CC: All of the State Representatives have been sent the medical history, given that only three have responded to this letter I am not sending any medical reports at this time. I would be more than happy to forward you the undisputable evidence of the personal experience, which brings me to writing this letter. Perhaps, reorganizing a much need process that can benefit all working citizens of this country. A process that has been on going since early 2000. While waiting for a trail date to once again be subjected to the adjudicate process before the claim can be settled.

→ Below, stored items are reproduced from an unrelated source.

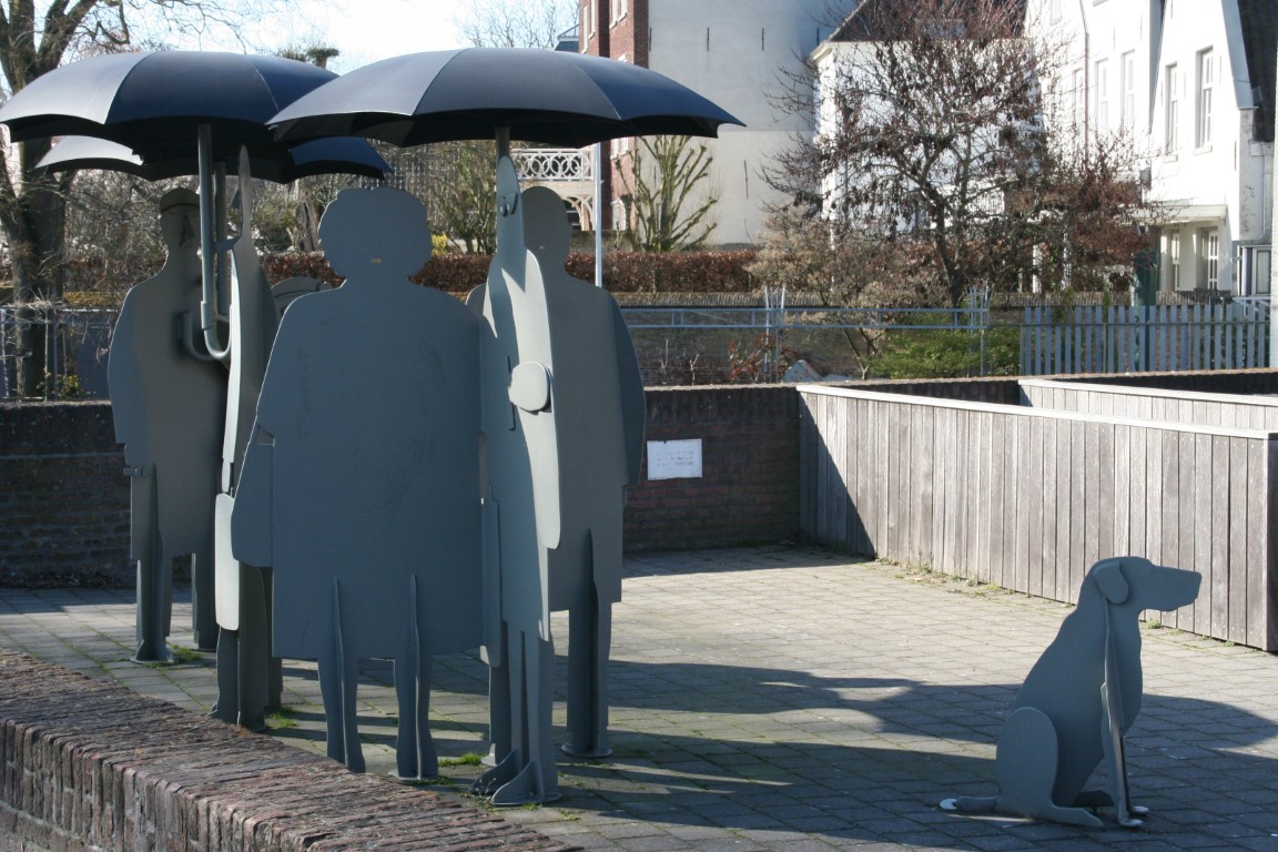Zij stellen zes wachtende mensen voor onder grote paraplu’s en een hond. De schoot van de vrouw vormt een zitplaats, de paraplu’s het dak.
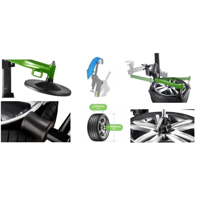 Mootori võimsus 0,75 kW Toiteallikas 380 V, 50 Hz Velje maksimaalne läbimõõt 39" (1000 mm) Velje maksimaalne laius 14" (355 mm) Väline padrun 10" ~ 21" Sisemine padrun 12" ~ 24" Töörõhk 8 baari Rehvi pingutusjõud 2500 kg Müratase <75 dB Kaal 290 kg
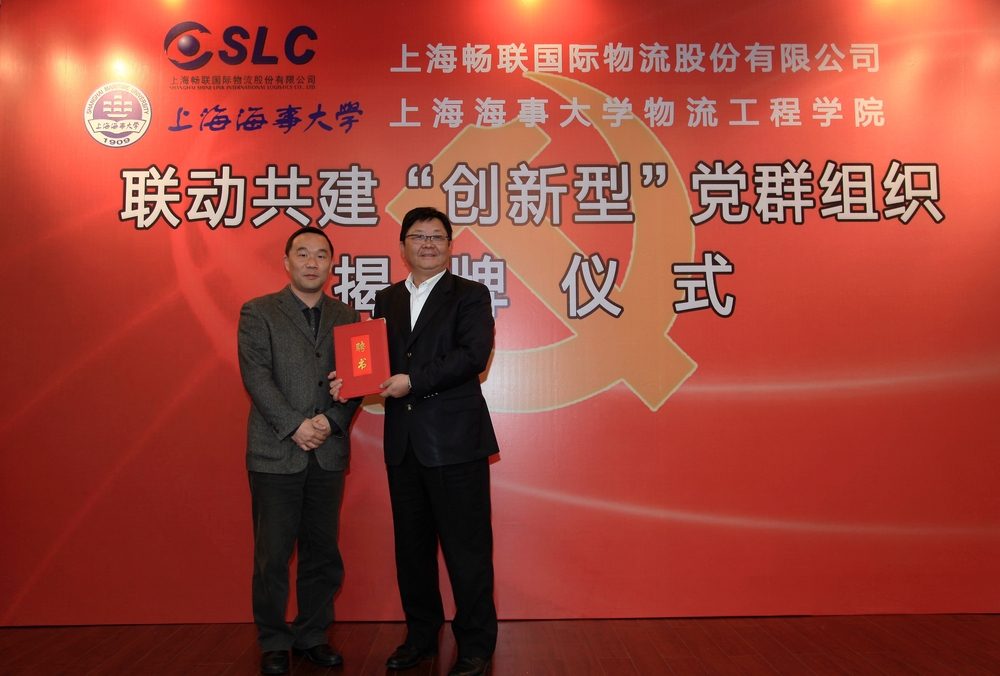 4月2日上午,上海畅联国际物流股份有限公司与上海海事大学物流工程学院联动共建“创新型”党群组织揭牌仪式在我校行政楼128会议室举行。上海畅联国际物流股份有限公司总裁徐峰、副总裁潘建华、副总裁陈文烨,我校校长黄有方、副校长王海威及相关学院、部门负责人等出席揭牌仪式。
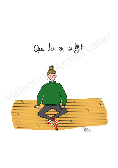 Qui tu es, suffit. Pas besoin de chercher à être quelqu'un d'autre. À votre avis, qui a besoin d'entendre ça ? Vous avez trouvé ? Offrez-le lui ;-) Format A4, 21x29,7cm © Valentine Armbruster
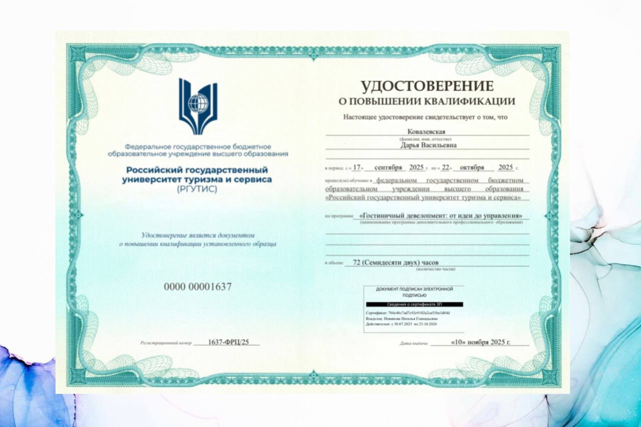 Мой выбор — постоянное развитие. Именно поэтому я подтвердила свою квалификацию на курсе «Гостиничный девелопмент: от идеи до управления» в Российском государственном университете туризма и сервиса (РГУТиС) и получила очередной диплом!
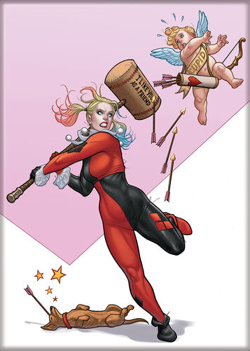 This is a licensed 2.5″ x 3.5″ magnet featuring a comic art image of DC Comics Harley Quinn. It is new and unused and stored in a smoke and pet free environment.
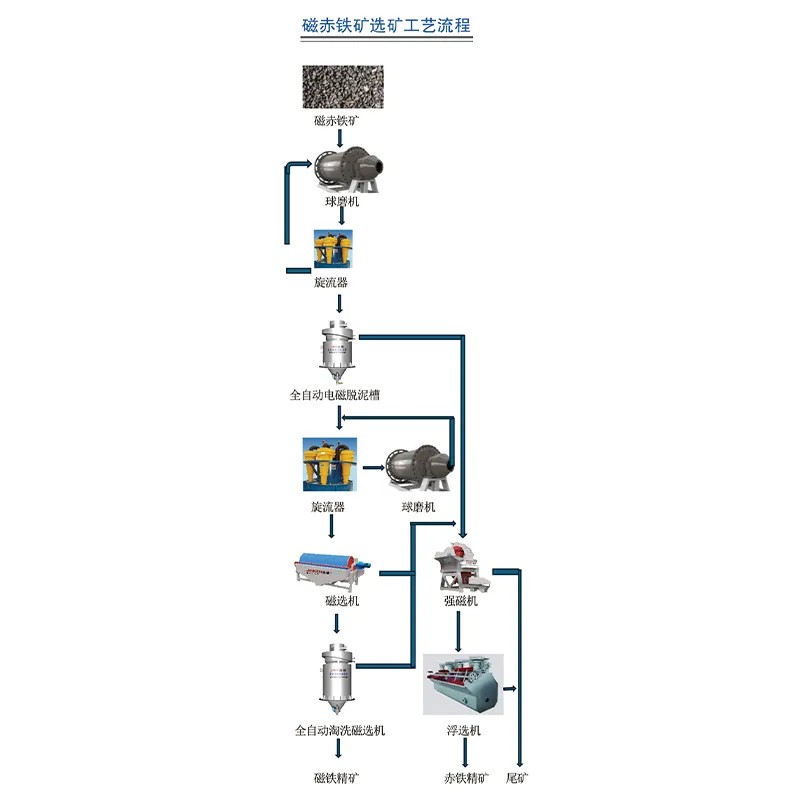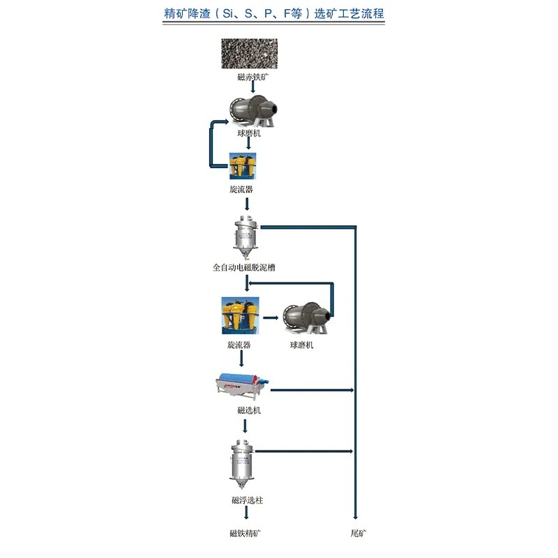По сравнению с промывочным магнитным сепаратором, высота сепарационной емкости промывочного илоотделителя снижена примерно на 30%, что делает его более подходящим для обработки пульпы с крупной гранулометрией, высоким содержанием шламов и низким содержанием железа. Он часто используется на начальной стадии грубого обогащения в качестве оборудования для обесшламливания, обезвоживания и сгущения. Замена барабанных магнитных сепараторов, магнитных илоотделителей и обезвоживающих желобов на промывочный илоотделитель может оптимизировать процесс обогащения. Установка промывочного илоотделителя перед гидроциклонами и высокочастотными грохотами повышает эффективность классификации; установка перед мельницей может значительно увеличить производительность мельницы и содержание железа в питании; установка перед промывочным магнитным сепаратором может дополнительно повысить конечное содержание железа в концентрате.

I have attached a detailed history of my medical history for your review. I can not conceive of how any of these injuries and the complications arising from them can not be considered as work related, even given the most stringent definition of that term. I have concluded that Workers Comp has adopted a completely adversarial posture in dealing with legitimate claimants. It forces employees who are not well versed in its policies and procedures to come to them under the most disadvantageous and stressful circumstances and, in effect, colludes with the employer to discourage even the most rightful petition for benefits. There is no voice within the process that advocates for the claimant, and the process of appealing the almost automatic declinations, requires litigation, or its threat. The claim process, even if a claim is approved, takes an inordinate amount of time, and creates harsh economic pressure for the claimant whose economic existence had been threatened by a work related injury for which he is blameless. How is it that such treatment of injured worker can be countenanced by those who have oversight in this process? My case is far from unique or even unusual. There are thousands of workers who have had the same result when trying to work through a process in which the cards are so arrogantly stacked against them, and for which there is so little help.
There are many employment scenarios where the probability of an injury or accident is likely, perhaps even inherent to the work itself. My employment is not atypical in this regard. It seems to me that the inherent problem with Workers Comp is that the employer has far too much self-interest to be involved in any part of the claims process. Withholding wages and other insurance benefits should not be used as a sword of Damocles against a worker who has suffered a legitimate injury. The process must allow an uninformed worker to learn what his rights are, and how his health can be restored without fear of employer related reprisals, and without regard to how the process of restoring that health will impact the employer’s insurance rates. He should be treated fairly, with civility, and under the presumption that his claim may in fact be legitimate. Certainly you would expect no less if you suffered an injury on the job.
I would welcome the opportunity to discuss theses issues with you, or to participate in any hearings that would help you shed much needed light on this important issue.
Injuries:
All State Rep. Never responded to letter, forced back on the job or I would lose my position, now facing a civil suit, added expense to the past 4years I have been paying medical bills out of my pocket, no weekly benefits for the 7 months I was off, and now 10,000 to fight this claims process to protect my medical rights and loss wages.